In the listing below, find the line containing "東西境界の独立基礎に柱を建て、フェンスを設置しました" and the line containing "GPIO header (Note: Compatible", then copy exactly everything from the first through the second, except the pictures.
[Entries provided — start]
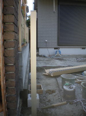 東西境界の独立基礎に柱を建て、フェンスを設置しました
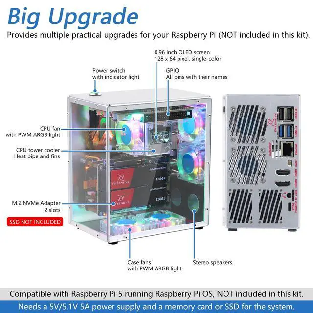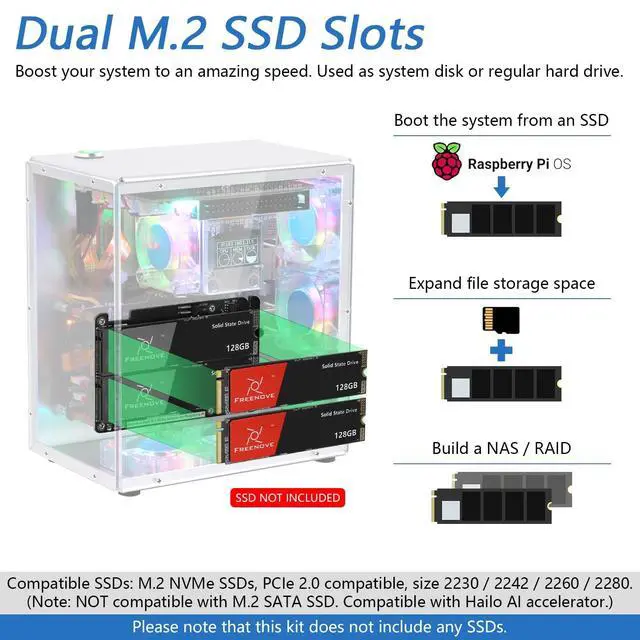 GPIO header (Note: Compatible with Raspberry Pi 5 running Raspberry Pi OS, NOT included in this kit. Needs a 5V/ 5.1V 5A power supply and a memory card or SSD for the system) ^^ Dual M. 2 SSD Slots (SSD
[Entries provided — finish]
[Entries provided — start]
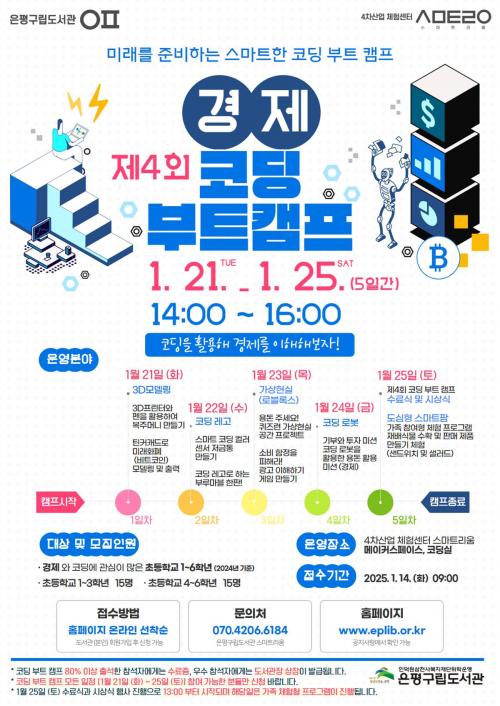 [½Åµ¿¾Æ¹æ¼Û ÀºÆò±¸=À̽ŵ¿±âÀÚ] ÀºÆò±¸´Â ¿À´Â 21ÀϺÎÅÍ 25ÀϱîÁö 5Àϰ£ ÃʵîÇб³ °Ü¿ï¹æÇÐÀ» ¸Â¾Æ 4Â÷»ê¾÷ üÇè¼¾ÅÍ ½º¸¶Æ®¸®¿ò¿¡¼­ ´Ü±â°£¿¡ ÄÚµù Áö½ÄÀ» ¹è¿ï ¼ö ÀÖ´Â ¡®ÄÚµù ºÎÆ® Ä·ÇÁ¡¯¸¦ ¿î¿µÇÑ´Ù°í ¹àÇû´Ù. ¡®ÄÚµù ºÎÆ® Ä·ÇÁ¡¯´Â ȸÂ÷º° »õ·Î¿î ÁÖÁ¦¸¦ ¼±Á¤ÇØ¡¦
[Entries provided — finish]
# Answer area
 東西境界の独立基礎に柱を建て、フェンスを設置しました
 GPIO header (Note: Compatible with Raspberry Pi 5 running Raspberry Pi OS, NOT included in this kit. Needs a 5V/ 5.1V 5A power supply and a memory card or SSD for the system) ^^ Dual M. 2 SSD Slots (SSD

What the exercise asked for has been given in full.